- **ASSIGNMENT**:
Pictures in the entries below are excluded; copy only the lines from the one containing "Ziel des Tages" to the one containing "Spring is calling, and", both included.

- **EXTRACTED MATERIAL**:

____

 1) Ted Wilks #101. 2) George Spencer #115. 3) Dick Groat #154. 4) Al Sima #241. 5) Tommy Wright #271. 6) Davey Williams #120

____

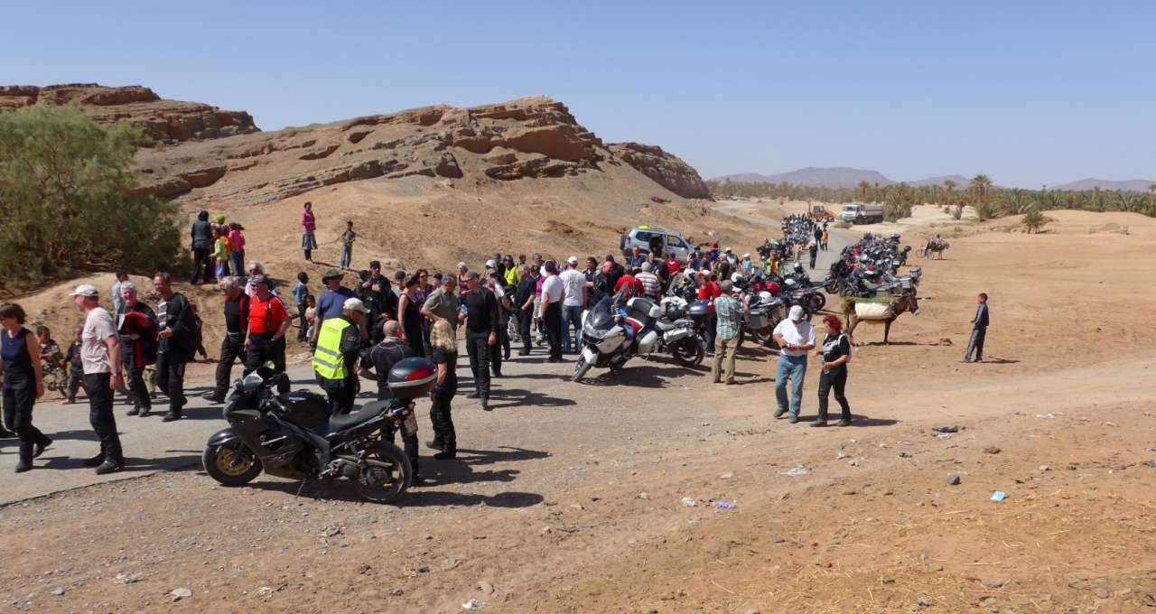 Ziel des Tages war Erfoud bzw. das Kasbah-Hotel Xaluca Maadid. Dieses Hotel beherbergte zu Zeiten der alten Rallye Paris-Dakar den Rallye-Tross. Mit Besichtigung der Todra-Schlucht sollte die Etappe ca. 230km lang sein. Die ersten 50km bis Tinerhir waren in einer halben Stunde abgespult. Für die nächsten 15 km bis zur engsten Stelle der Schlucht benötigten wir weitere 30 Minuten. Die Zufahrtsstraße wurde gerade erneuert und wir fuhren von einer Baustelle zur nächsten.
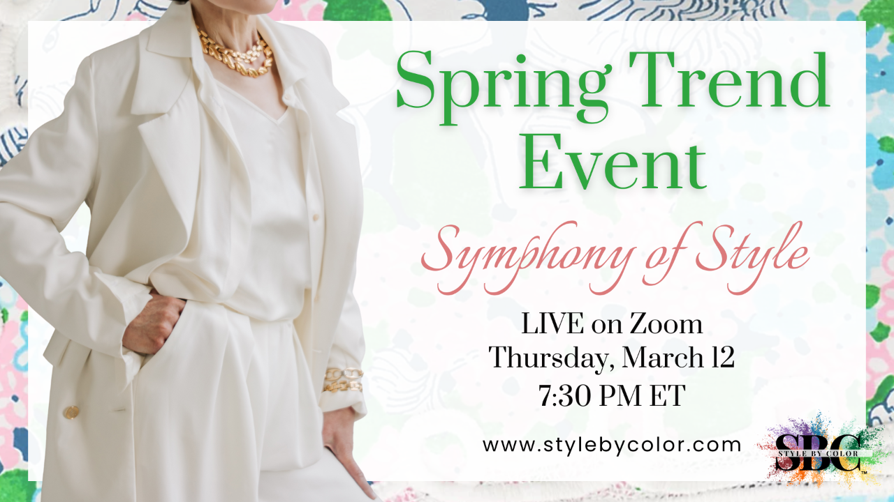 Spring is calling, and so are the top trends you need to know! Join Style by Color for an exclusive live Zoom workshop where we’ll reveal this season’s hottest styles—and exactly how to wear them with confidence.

____

- **TASK SOLUTION**:
 Ziel des Tages war Erfoud bzw. das Kasbah-Hotel Xaluca Maadid. Dieses Hotel beherbergte zu Zeiten der alten Rallye Paris-Dakar den Rallye-Tross. Mit Besichtigung der Todra-Schlucht sollte die Etappe ca. 230km lang sein. Die ersten 50km bis Tinerhir waren in einer halben Stunde abgespult. Für die nächsten 15 km bis zur engsten Stelle der Schlucht benötigten wir weitere 30 Minuten. Die Zufahrtsstraße wurde gerade erneuert und wir fuhren von einer Baustelle zur nächsten.
 Spring is calling, and so are the top trends you need to know! Join Style by Color for an exclusive live Zoom workshop where we’ll reveal this season’s hottest styles—and exactly how to wear them with confidence.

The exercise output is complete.